Yang Yishu, a professor of filmmaking and dramatic arts, infuses her film with intellectual overtures —offhand remarks about the transformation of Chinese tradition, and the displacement and redevelopment induced by flows of capital. But Lush Reeds is an ambiguous and elliptical story, more about alienation, more about Xiayin and her meanderings through a ghost-city perpetually under construction, and a return to nature suffused with menace and mystery.
The unnamed city Xiayin inhabits seems growing but stillborn, and is cast in a filter of depressive blue. The audience enters Lush Reeds through screens of blue: a flash-forward to a twilight journey through the bush near the film’s conclusion, workers on an unfinished bridge that stretches across the Yangtze into a haze, a shoe by the side of a river. The shoe is an artefact of suicide, one of the hazy details that constitute a series of meanderings and subtle aggressions.

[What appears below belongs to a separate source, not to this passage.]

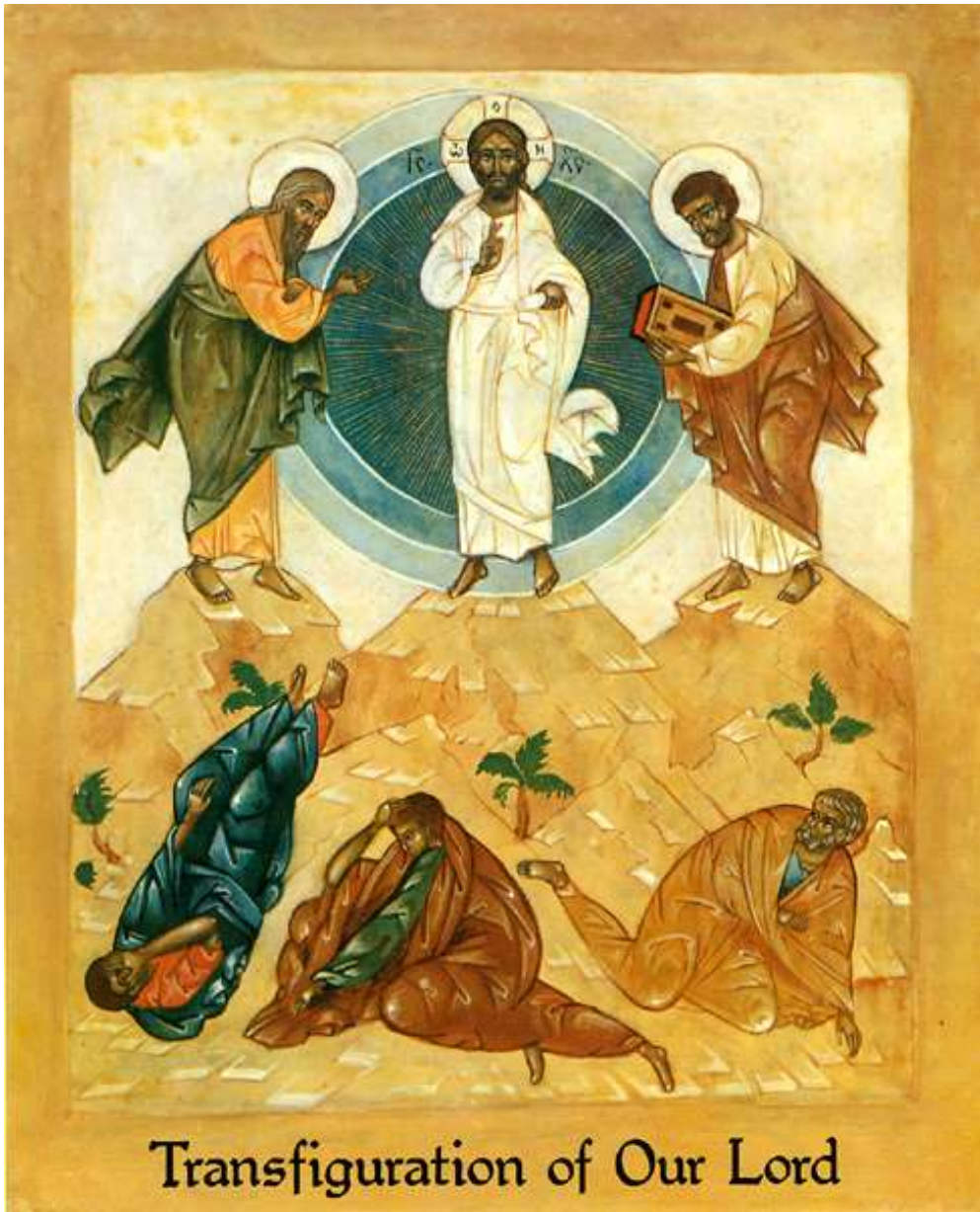
Transfiguration of Our Lord

We do understand that Xiayin has come across the scene, and that the shoe belonged to one of her colleagues. This death weighs heavily on Xiayan, though her response is subdued, and much of the film consists of her passive emotional conflicts. Yishu makes canny choices, often shooting Xiayin outside herself with the camera encountering her by surprise in a hallway, or placing her outside of the frame, only visible in a window’s reflection.
References to feminist labour, right to the city, and the rural/urban divide position Lush Reeds as a political film. But Yishu is most committed to the existential and phenomenal, as the film’s surreal turn in its second-half makes clear. Lush Reeds’ first half can be oppressive, but Yishu demonstrates throughout her sharp mind for images the vivid internal life of its protagonist.
Lush Reeds is not a hopeful film with answers to the questions it poses. Its title (suggesting growth and rejuvenation) is suffused with irony. It situates Xiayin in a landscape of patriarchal revanchism, environmental destruction and global capitalism. It challenges the intellectuals who theorize freedom while they remain insensitive to the struggle around them. It is a clear-eyed portrayal of internal ambiguity, where alienation follows the urbanite to a compromised pastoral. Lush Reeds does provide a yearning desire for sense in an insensate world, and at its highest points the film captures that moral act of searching, even as it contends with a bitter realism.